AVAILABLE DATA »
········
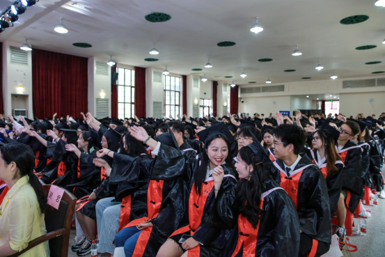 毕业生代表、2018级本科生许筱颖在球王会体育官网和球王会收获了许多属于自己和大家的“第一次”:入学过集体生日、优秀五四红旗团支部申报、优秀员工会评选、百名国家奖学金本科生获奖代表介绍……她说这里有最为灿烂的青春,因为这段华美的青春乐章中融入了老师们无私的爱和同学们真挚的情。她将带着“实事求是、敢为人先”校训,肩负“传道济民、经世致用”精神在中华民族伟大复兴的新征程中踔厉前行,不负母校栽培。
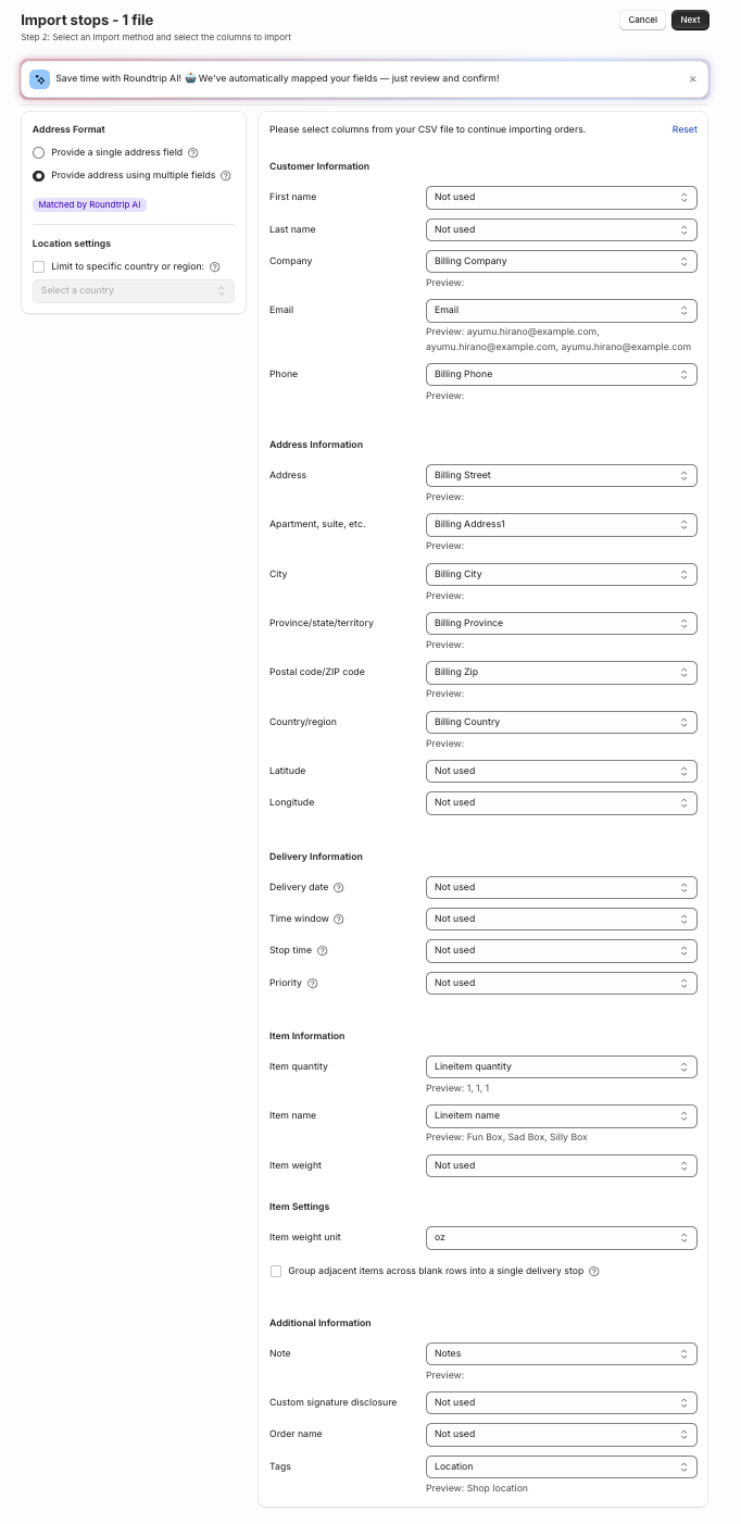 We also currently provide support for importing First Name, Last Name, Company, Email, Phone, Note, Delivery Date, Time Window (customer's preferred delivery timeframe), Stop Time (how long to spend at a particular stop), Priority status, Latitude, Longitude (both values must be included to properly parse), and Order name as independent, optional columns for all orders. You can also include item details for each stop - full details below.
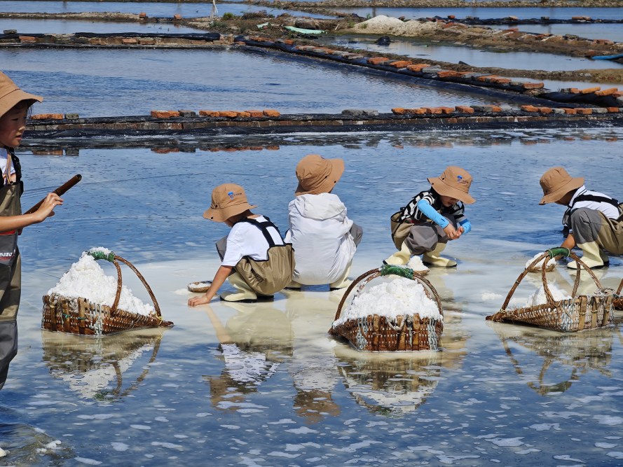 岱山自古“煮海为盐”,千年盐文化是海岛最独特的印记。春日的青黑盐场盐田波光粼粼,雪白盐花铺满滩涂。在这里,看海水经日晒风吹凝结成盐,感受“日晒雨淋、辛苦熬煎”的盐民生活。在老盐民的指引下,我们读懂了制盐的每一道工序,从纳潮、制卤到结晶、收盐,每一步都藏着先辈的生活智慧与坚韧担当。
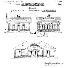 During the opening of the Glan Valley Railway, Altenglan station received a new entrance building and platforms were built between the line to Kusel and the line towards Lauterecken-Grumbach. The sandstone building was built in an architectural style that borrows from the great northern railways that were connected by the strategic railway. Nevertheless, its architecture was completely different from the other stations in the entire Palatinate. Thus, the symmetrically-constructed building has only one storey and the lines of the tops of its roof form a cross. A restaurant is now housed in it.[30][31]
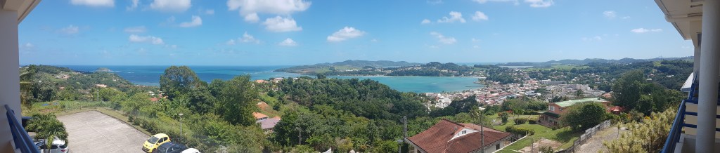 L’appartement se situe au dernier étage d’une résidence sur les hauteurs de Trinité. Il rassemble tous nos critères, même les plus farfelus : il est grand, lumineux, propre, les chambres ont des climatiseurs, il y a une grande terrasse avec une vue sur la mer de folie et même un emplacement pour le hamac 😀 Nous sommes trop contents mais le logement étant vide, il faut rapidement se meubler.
········
WHAT THE TASK ASKS » For this exercise, copy the entries above exactly and skip any picture.

ANSWER TO THIS EXERCISE »
 毕业生代表、2018级本科生许筱颖在球王会体育官网和球王会收获了许多属于自己和大家的“第一次”:入学过集体生日、优秀五四红旗团支部申报、优秀员工会评选、百名国家奖学金本科生获奖代表介绍……她说这里有最为灿烂的青春,因为这段华美的青春乐章中融入了老师们无私的爱和同学们真挚的情。她将带着“实事求是、敢为人先”校训,肩负“传道济民、经世致用”精神在中华民族伟大复兴的新征程中踔厉前行,不负母校栽培。
 We also currently provide support for importing First Name, Last Name, Company, Email, Phone, Note, Delivery Date, Time Window (customer's preferred delivery timeframe), Stop Time (how long to spend at a particular stop), Priority status, Latitude, Longitude (both values must be included to properly parse), and Order name as independent, optional columns for all orders. You can also include item details for each stop - full details below.
 岱山自古“煮海为盐”,千年盐文化是海岛最独特的印记。春日的青黑盐场盐田波光粼粼,雪白盐花铺满滩涂。在这里,看海水经日晒风吹凝结成盐,感受“日晒雨淋、辛苦熬煎”的盐民生活。在老盐民的指引下,我们读懂了制盐的每一道工序,从纳潮、制卤到结晶、收盐,每一步都藏着先辈的生活智慧与坚韧担当。
 During the opening of the Glan Valley Railway, Altenglan station received a new entrance building and platforms were built between the line to Kusel and the line towards Lauterecken-Grumbach. The sandstone building was built in an architectural style that borrows from the great northern railways that were connected by the strategic railway. Nevertheless, its architecture was completely different from the other stations in the entire Palatinate. Thus, the symmetrically-constructed building has only one storey and the lines of the tops of its roof form a cross. A restaurant is now housed in it.[30][31]
 L’appartement se situe au dernier étage d’une résidence sur les hauteurs de Trinité. Il rassemble tous nos critères, même les plus farfelus : il est grand, lumineux, propre, les chambres ont des climatiseurs, il y a une grande terrasse avec une vue sur la mer de folie et même un emplacement pour le hamac 😀 Nous sommes trop contents mais le logement étant vide, il faut rapidement se meubler.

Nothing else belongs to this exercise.